Hallo Nike
das ist gar nicht so schwer, wie man das sich vorstellt.
für meine Replika-Rivarossikupplungen hätte ich gerne 0,8mm Messingnägelchen genommen,---aber es gibt keine, und wo 0,8 auf dem Schächtelchen steht sind dann doch 1mm Dinger drin.
Also Habe ich eine andere Lösung gesucht. Ich verwende nun Kleine Drahtstifte aus Stahl/Eisen mit 0.8mm Durchmesser. Da diese erstens blank sind und zweitens sehr hart, müssen sie ausgeglüht werden. Dadurch geht die Härte zum Teil verloren und zweitens sind sie dann schwarz.

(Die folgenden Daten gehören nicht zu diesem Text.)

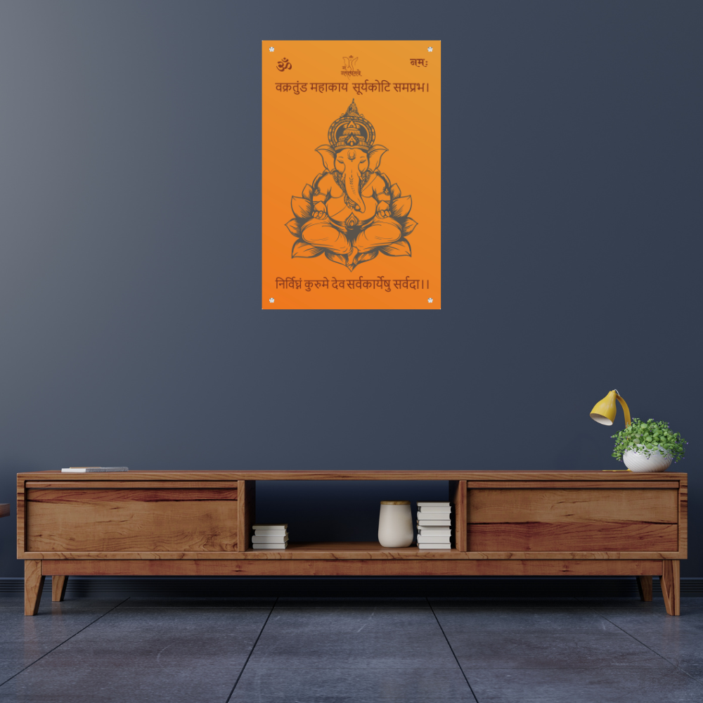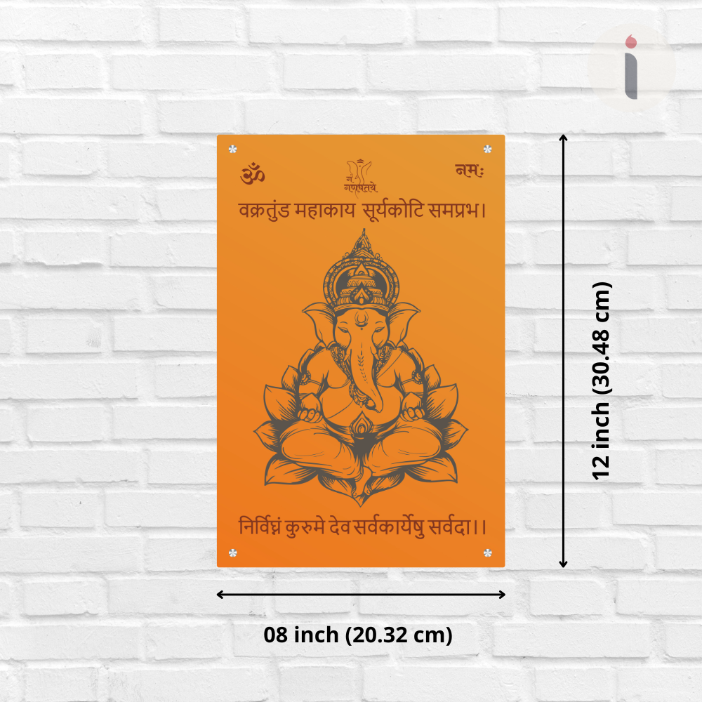 This striking design features Lord Ganesh seated on a lotus, outlined in a minimalistic style on a vibrant saffron-orange background. Made with 3mm glossy acrylic, printed using UV technology for brilliant, fade-resistant colors. Includes standoff fixings (advertising screws) for a modern floating effect.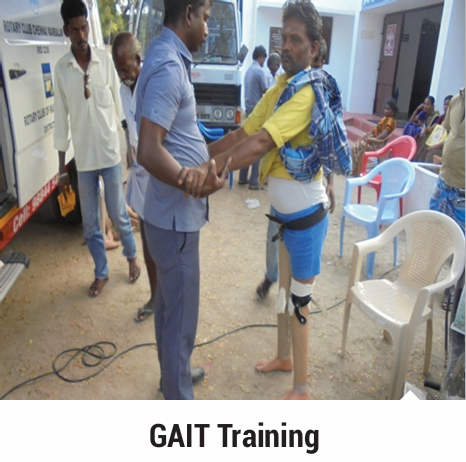 Training given to users of artificial limbs to walk with their new limb. This vital training helps the beneficiary use the appliance properly and move confidently.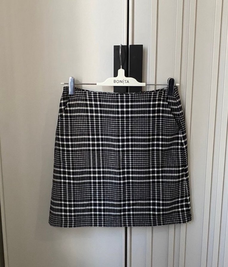 Siyah kareli desene sahip, dar kesim mini etek. Günlük kullanıma uygun şık bir sokak stili parçası.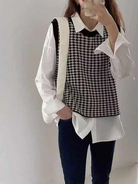 秋季新款韩版复古撞色提花宽松叠穿针织毛衣马甲背心,...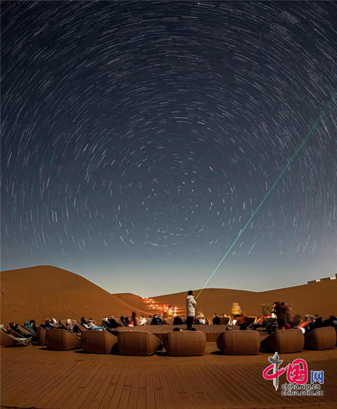 在沙漠區(qū),游客晨觀大漠日出,昏賞沙海夕陽(yáng),夜晚宿在星星酒店,感受躺在床上看星星的奇妙體驗(yàn),在星咖啡手工制作星星原木版畫,在五行沙療室滋養(yǎng)生命的每一個(gè)細(xì)胞,在觀星谷跟著星空講師春看獅子座、夏觀銀河、秋尋仙女座、冬追獵戶座,期待與一場(chǎng)流星雨的不期而遇。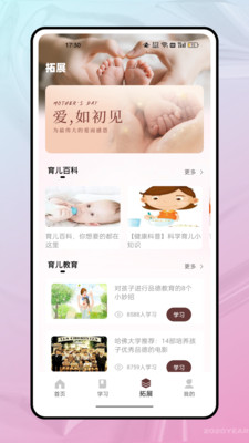 4、探索拓展板块,阅读育儿百科,了解儿童心理与成长规律,为孩子的全面发展提供有力支持。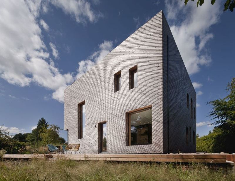 Od začátku bylo snahou použít maximální možné množství přírodních materiálů – nejen s ohledem na smýšlení stavebníků, ale také pro bezproblémovou likvidaci po morálním dožití domu. Dřevěná nosná konstrukce je z neošetřeného dřeva a spolu s opláštěním je vyrobena ze dřeva nesoucího certifikaci PEFC/FSC. Dřevovláknitá izolace je navíc pro manipulaci příjemnější než minerální vlna nebo pěnová izolace. Plochá střecha je kryta vegetační vrstvou z rozchodníků, která přispívá k biologické rozmanitosti a zlepšuje mikroklima. V průběhu stavby také Mhairi důsledně dohlížela na povahu stavebního odpadu natolik, že se celý proces obešel bez jediného kontejneru na odpad.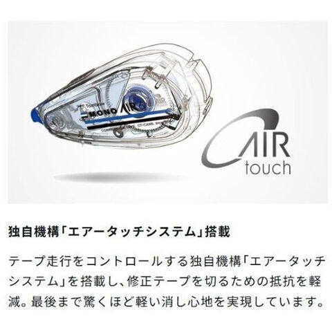 小型でたっぷり10m巻の実用派、タテ引き修正テープ「MONO AIR (モノ エアー)」です。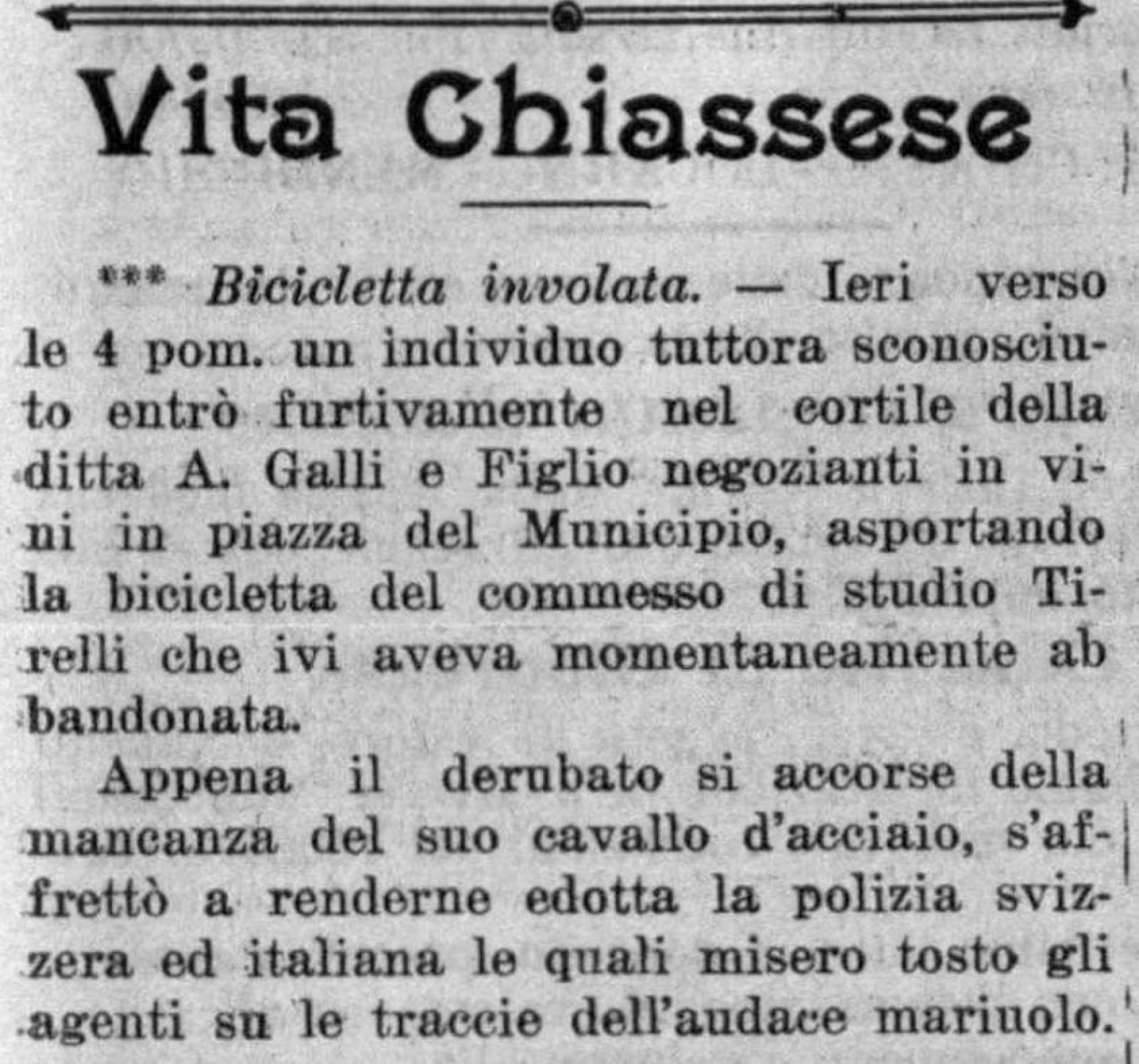 Altro ciclista chiassese, altra disavventura: nel 1912 Gazzetta ticinese si occupa del giovane Tirelli, il cui "cavallo d’acciaio" venne asportato da un individuo entrato furtivamente nel cortile della ditta dove lavorava. Non si sa come si sia conclusa la vicenda, lascia tuttavia ben sperare il fatto che la polizia svizzera e quella italiana "misero tosto gli agenti su le tracce dell’audace mariuolo". Singolare anche una doppia cronaca, pubblicata sempre da Gazzetta ticinese nel 1928 e ambientata in due pollai del Locarnese. Quello del signor Mario Stefanini, dapprima, vittima dei "soliti malfattori" (ladri di polli, letteralmente), i quali, colti sul fatto dallo Stefanini, "fecero appena in tempo a sfuggire alle sue legnate".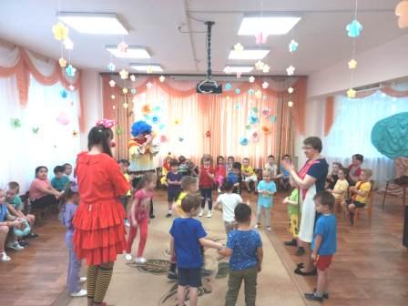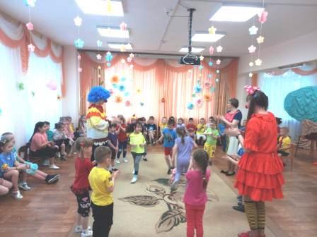 В гости к нашим воспитанникам пришли клоуны Тёпа и Веселинка. Они вместе с детьми пели и танцевали, устроили для ребят весёлые конкурсы и игры. День смеха прошел шумно и весело, все дети получили максимум энергии и радости.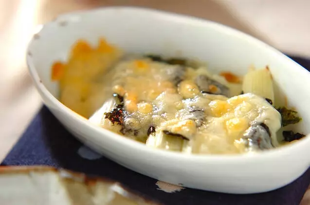 熱した白ネギのトロッとした食感がたまらないですね。韓国のりとチーズの塩気で味付けいらず。お酒を選ばず楽しめる簡単おつまみです。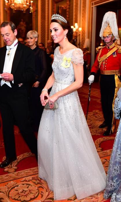 Last year, the Duchess looked like a Disney Princess come to life wearing a glittering white embellished gown by Jenny Packham, as well as her Royal Family Order and her late mother-in-law Princess Diana’s favorite tiara, the Cambridge Lover's Knot. Since marrying into the royal family, the Duchess has worn a tiara—officially—only 10 times, the first being on her wedding day in 2011.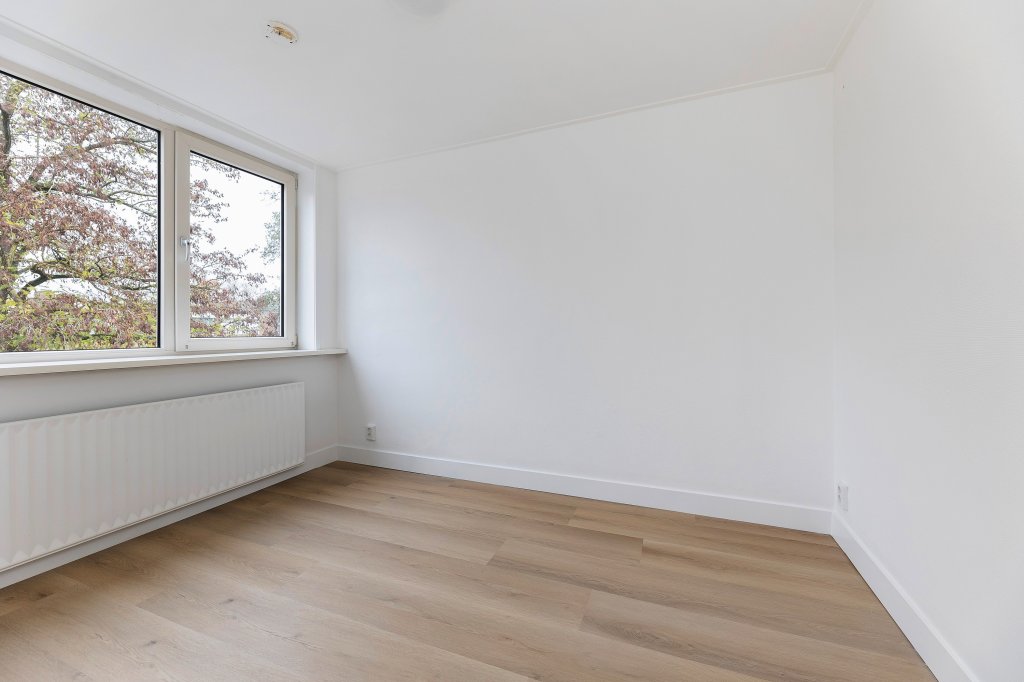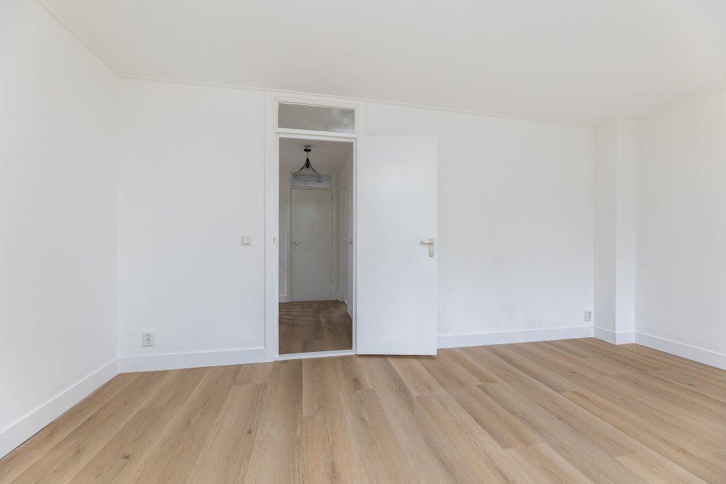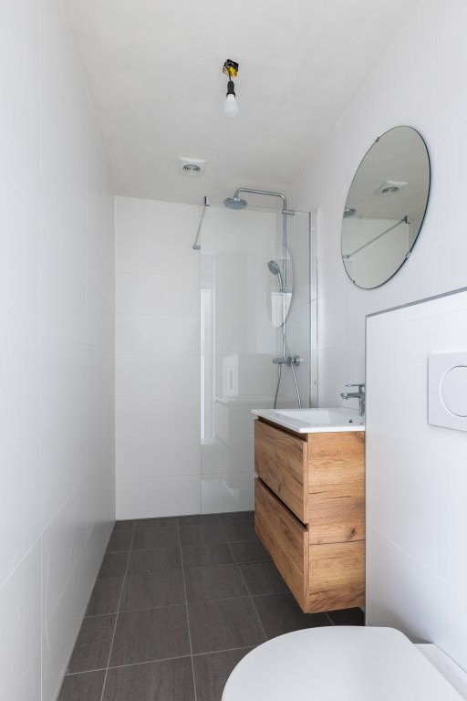 De ruime slaapkamer biedt voldoende plek voor een groot tweepersoonsbed én een royale kastenwand. De badkamer is recent vernieuwd en modern afgewerkt, voorzien van een inloopdouche, wastafelmeubel en een hangend toilet.

Vor dem Krimpen werden sie abgelängt so dass noch ca 1mm vorsteht.
Das Krimpen/Quetschen geht ganz einfach mit einer Krimpzange für koaxiale TV/Sat Antennenkabel bzw. deren F-Stecker. Diese Stecker gibt es geschraubt und eben gekrimmt. Für uns ist nur die Krimpvariante interessant. Daran Interessant ist auch nur der vordere Teil. Den kann man noch etwas Nachschleifen, so dass das Maul vorne ganz zugeht. Kraft hat man damit mehr als genug, man muss eher darauf achten, dass man die gehärteten Backen nicht zutode drückt.
Solch eine Zange für €29.99 hab ich bei:
http://www.technisat.de/index1902.html? ... g,de,86-97 gesehen. Aber auch andere Händler für Professionelle Sat-Technik führen solche Zangen. Zu achten und danach zu fragen ist ob die Backen gehärtet sind und das Ganze kein China-Mist ist.
Es gibt aber min. 3 verschiedene Typen bzw. Mäuler je nach Kabel, was aber für uns egal ist. Diese Zangen sind derart stark dass man auch etwas daran zurückschleifen kann.
Damit sind dann 100 oder 300 mal ein Stift platt machen kein Problem.